International Style
Introduction
The international style or internationalism[1] is an important architectural style that developed in the 1920s and 1930s and was closely related to modernism "Modernism (philosophical and cultural movement)"), rationalism "Rationalism (architecture)") and modern architecture. It was first defined by Museum of Modern Art curators Henry-Russell Hitchcock and Philip Johnson in 1932, based on architectural works from the 1920s. The terms rationalist architecture and modern movement are often used interchangeably with International Style,[1][2][3][4] although the former is mostly used in the English-speaking world to refer specifically to rationalism. Italian "Rationalism (architecture)"),[5] or even the International Style that developed throughout Europe.[6].
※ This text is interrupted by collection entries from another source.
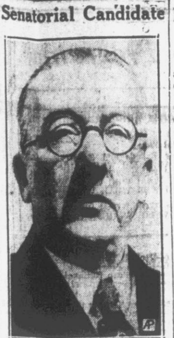
Alanson B. Houghton, ambassador to Great Britain, is mentioned as a likely candidate for the republican nomination for United States senator at the New York state convention at Rochester.

Regular work is laid aside on the campus and appropriate exercises in which faculty, students, and alumnae join, mark the occasion.
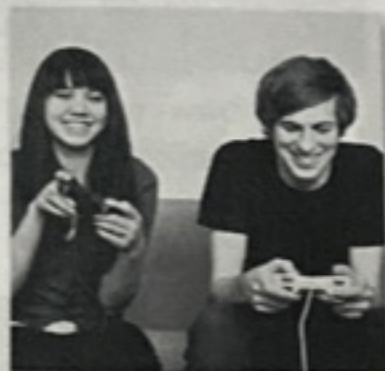
3. They's play video game
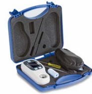
Transport and storage case
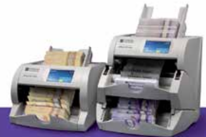
JetScan iFX i100

Detection: Auto size, automatic document type, MICR character no-read, piggyback, double and chain.
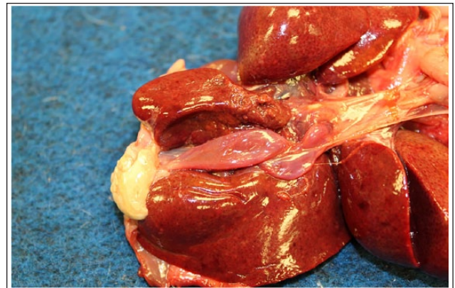
Figure 6 Necropsy image. Visceral surface of the liver with abscessed tissue at left connecting deflated gall bladder and diaphragm

An aggressive neoplastic or infectious lesion of the biliary tree with focal diaphragm destruction was suspected. Although a traumatic gall bladder herniation through a diaphragmatic tear with subsequent strangulation and necrosis could not be excluded, it was considered less likely based on the patient's history. As the cat was unstable under anesthesia and an aggressive lesion was suspected, the owner elected humane euthanasia rather than pursuing further intervention.
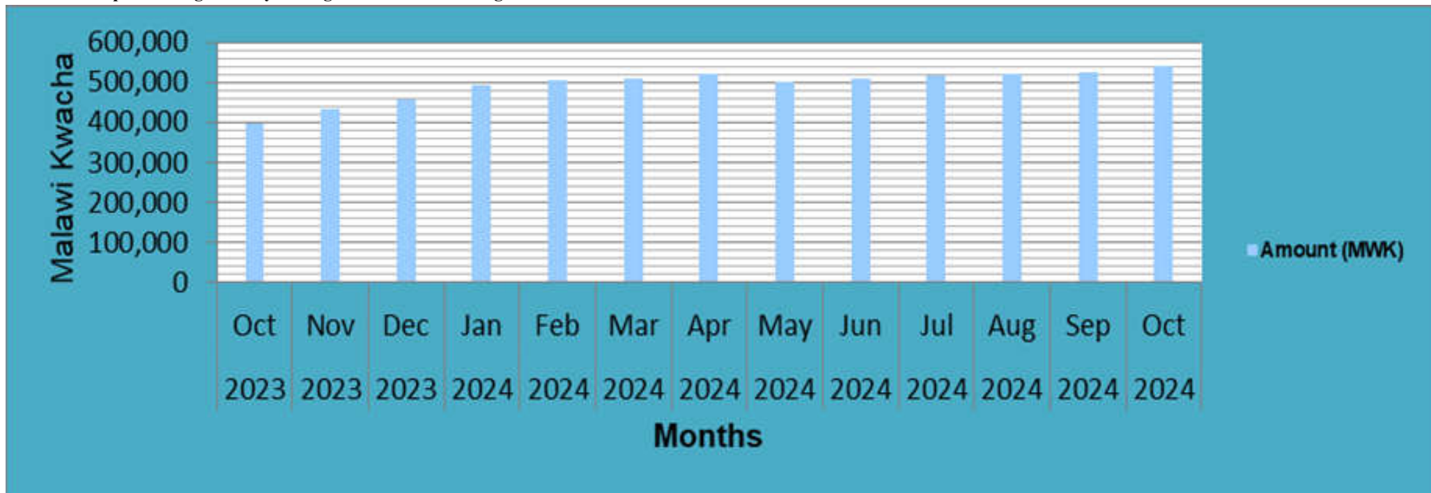
Graph showing monthly average for the cost of living
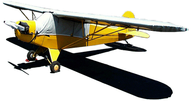
Piper J3 Canopy, Wing and Prop Covers
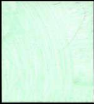
SH 3 C
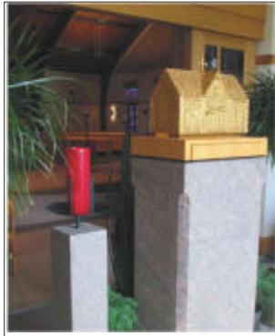
In Loving Memory
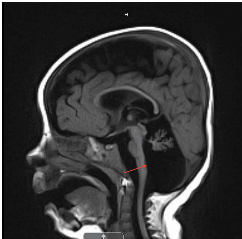
FIGURE 2: T1-blade sag at six months of life. Stable global white matter loss, diminished size of the brainstem, and profound decrease in the cerebellum can be seen with cerebellar disruption, pontocerebellar hypoplasia, and global cerebellar hypoplasia.
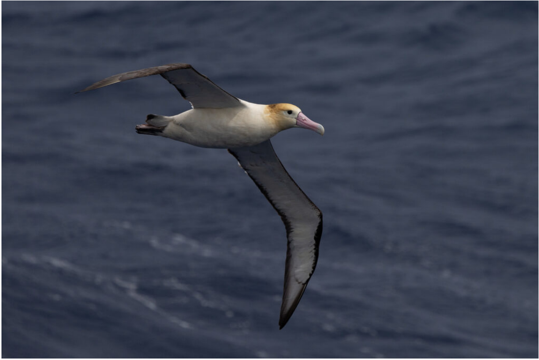
Short-tailed Albatross
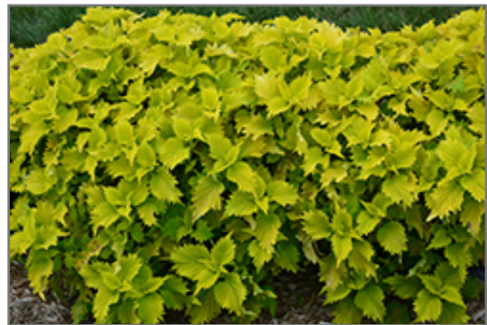
Wasabi Coleus

We are so proud of the nursery stock that we have carefully selected for superior quality and performance, WE GUARANTEE ALL TREES, SHRUBS, EVERGREENS FOR 2 YEARS, AND ROSES FOR 1 YEAR!

The Getty Research Institute defines it as "the style of architecture that emerged in the Netherlands, France, and Germany after World War I and spread throughout the world, becoming the dominant architectural style until the 1970s. The style is characterized by an emphasis on volume over mass, the use of mass-produced light industrial materials, the rejection of all ornament and color, repetitive modular forms, and the use of flat surfaces, typically alternating with areas of glass».[7].
Background
At the beginning of the century, several architects around the world began to develop new architectural solutions to integrate traditional precedents with new social demands and technological possibilities. The work of Victor Horta and Henry van de Velde in Brussels, Antoni Gaudí in Barcelona, Otto Wagner in Vienna and Charles Rennie Mackintosh in Glasgow, among many others, can be seen as a common struggle between the old and the new. These architects were not considered part of the International Style because they practiced in an "individualistic" manner and were seen as the last representatives of Romanticism.
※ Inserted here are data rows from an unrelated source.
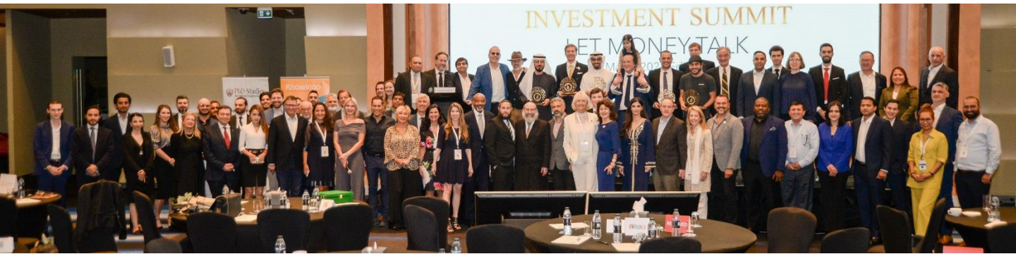
The Abrahamic Business Circle Investment Summit, LET MONEY TALK, March 2022 Edition

The Abrahamic Business Circle is an association of high-profile individuals across the globe that have a shared vision of tolerance, prosperity and peace.
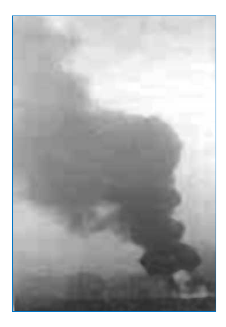
Figure 2.6 Open bonfire
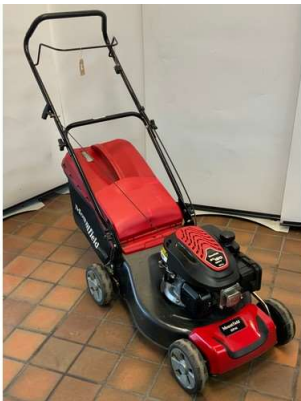
120. V - MOUNTFIELD CSL 484 HP46 PETROL PUSH MOWER 46CM CUTTING WIDTH, 60LTR GRASS COLLECTOR. COST NEW £289
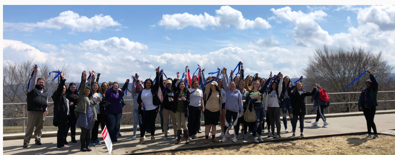
Above: attendees of the Blue Ribbon Walk at Herkimer College hold up their ribbons in the breeze.
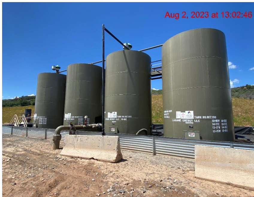
Tank Battery – Photo #05403
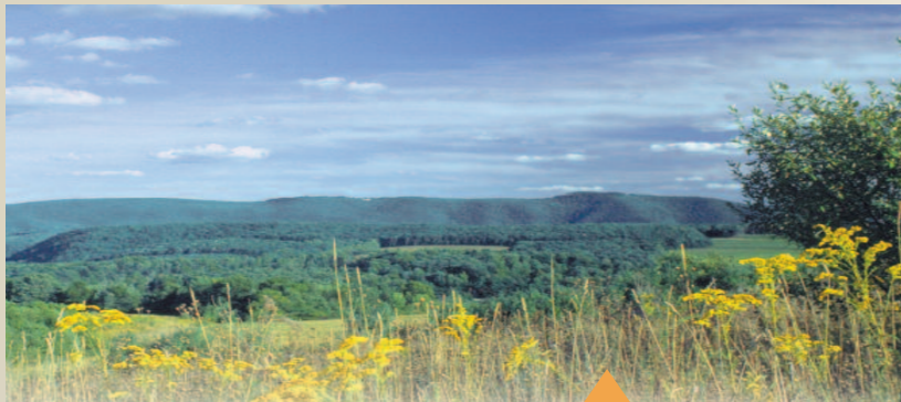
View of the Blue Mountains from Schuylkill County

The International Style dates back to buildings designed by a small group of modernists, whose leading figures include Ludwig Mies van der Rohe, Jacobus Oud, Le Corbusier, Richard Neutra and Philip Johnson.[8].
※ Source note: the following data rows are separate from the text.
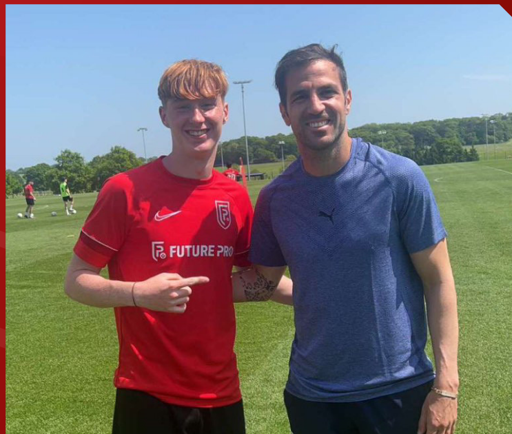
Working with Cesc Fabregas
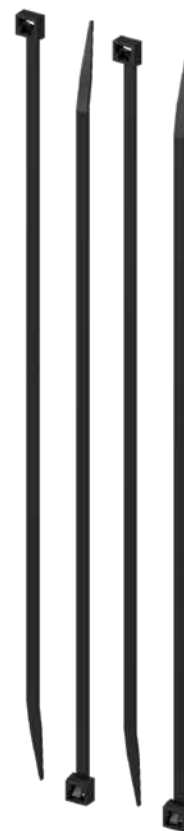
4 x Zip Tie
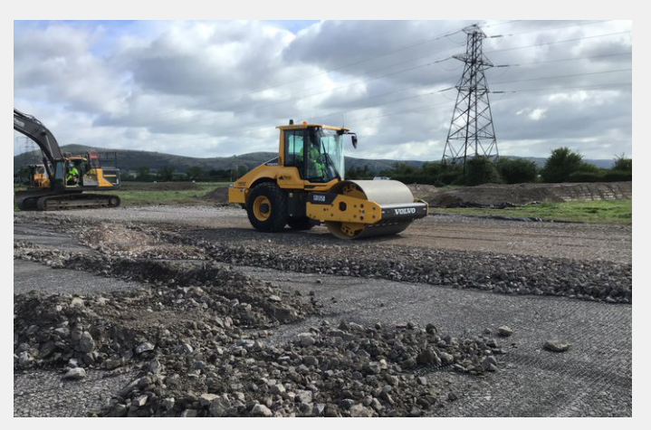
Once we've completed the road accesses, we start to build the construction haul road

We recognise this work will cause delays to journeys and we're sorry for any inconvenience. We're working closely with our contractor, Balfour Beatty, to reduce disruption as best we can and aim to complete the roadworks as quickly as possible.
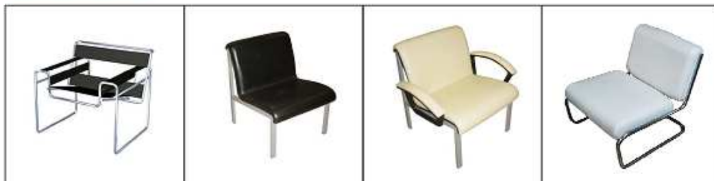
Ref. 0201 Sillón Wassily Wassily armchair 72x75x55
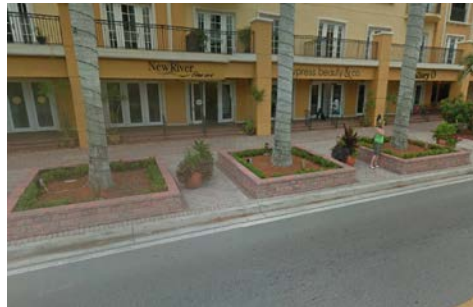
Planter wall at 5 th Ave S & 6 th St S and on both Gordon River Bridges (both walls are same style): Hourly Rate for planter wall repair: $_____ /hr
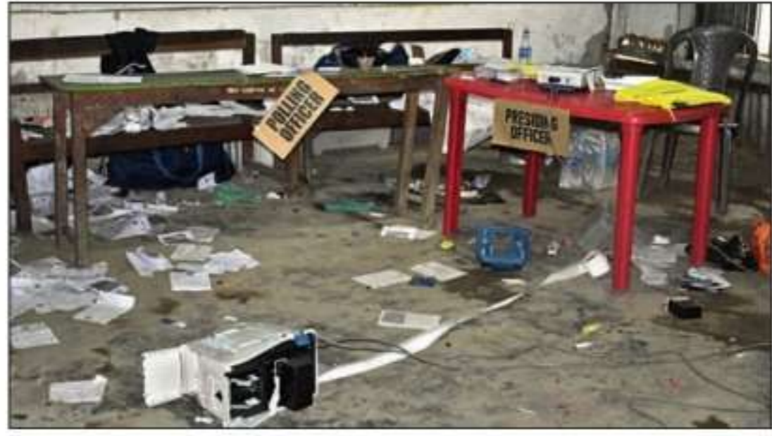
A vandalized polling station at Khurai in Manipur's Imphal East on Friday

The run-up to the polls was subdued, with minimal campaigning by the principal contenders in the BJP-governed state. Home minister Amit Shah's April 15 rally was the only large campaign activity of the election.

The founder of the Bauhaus school, Walter Gropius, along with noted Bauhaus instructor Ludwig Mies van der Rohe, became known for steel structures employing glass curtain walls. One of the first modern buildings in the world where this can be seen is a shoe factory designed by Gropius in 1911 in Alfeld, Germany, called the Fagus Works building. The first building, constructed entirely according to Bauhaus design principles, was the concrete and steel Haus am Horn, built in 1923 in Weimar, Germany, designed by Georg Muche.[9] Gropius designed the Bauhaus school building in Dessau, built between 1925 and 1926, and the Harvard Graduate Center (Cambridge, Massachusetts; 1949-50), also known as the Complex Gropius exhibits clean lines[10] and a "concern for ordered interior spaces."[8].